# Hi, I'm Hungry. Who're you?



## stickybun (Sep 6, 2012)

:b My name is Carissa. I found this site this morning when I was sauteing chicken and mir poux and accidentally splashed in waaaay too much balsamic vinegar. While I only found a few threads that said "sugar" or "add more junk", I added some butter, because my cook-boyfriend said that the fat counteracts the acid. Anyway, here I am, and it's good to be here so far.


----------



## Dawgluver (Sep 6, 2012)

Welcome to DC!


----------



## Hoot (Sep 6, 2012)

Howdy!
Welcome to D.C.!


----------



## Whiskadoodle (Sep 6, 2012)

Hi and welcome.  Stick around and join the party.


----------



## chopper (Sep 6, 2012)

Hi, welcome.

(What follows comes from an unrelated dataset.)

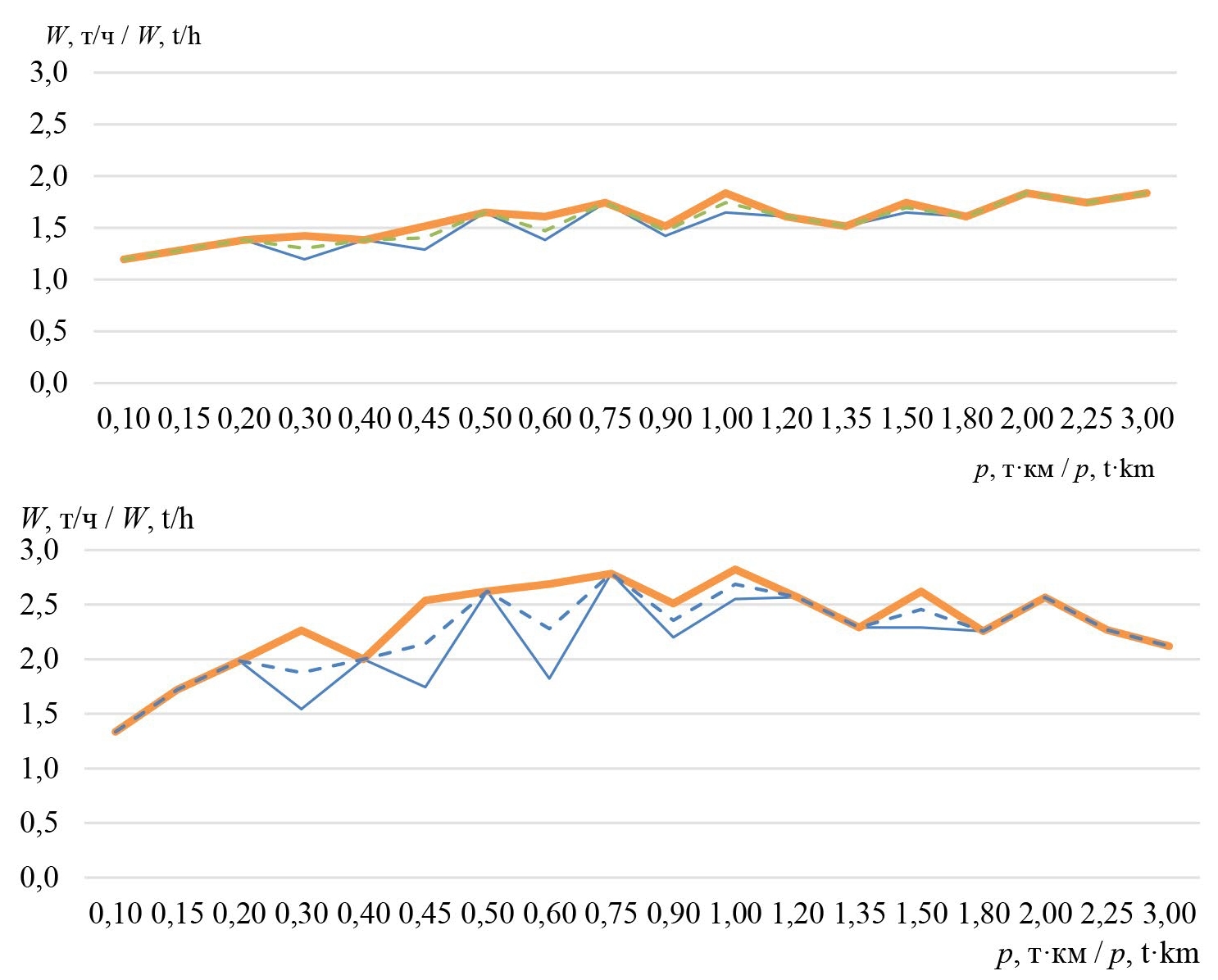 Fig.6. Graphs of changes in productivity of Belarus 622 tractor with 1PTS-2 semi-trailer when using a sack for 50 kg of wheat (top) and a multifunctional container (bottom)

Come on in, there is lots of room here.


----------



## Rocklobster (Sep 6, 2012)

Solution by dilution is the trick. And, hello.


----------



## Josie1945 (Sep 7, 2012)

Welcome to DC.

Josie


----------



## Bolas De Fraile (Sep 7, 2012)

Good morning from North Wales


----------



## Harry Cobean (Sep 7, 2012)

hello from manchester uk


----------



## Cheryl J (Sep 8, 2012)

Welcome, Carissa!


----------



## roadfix (Sep 8, 2012)

Your boyfriend is a cook?


----------



## Kylie1969 (Sep 9, 2012)

Hello and welcome to DC


----------



## CWS4322 (Sep 9, 2012)

Welcome to DC! I think everyone has at one time or another added too much of something. The DH was making me a birthday cake one year and used salt instead of sugar....I caught him--he scooped out most of it, but it was the saltiest carrot cake I've ever eaten! I don't think we had a bowl big enough to dilute it down to 1 tsp of salt!


----------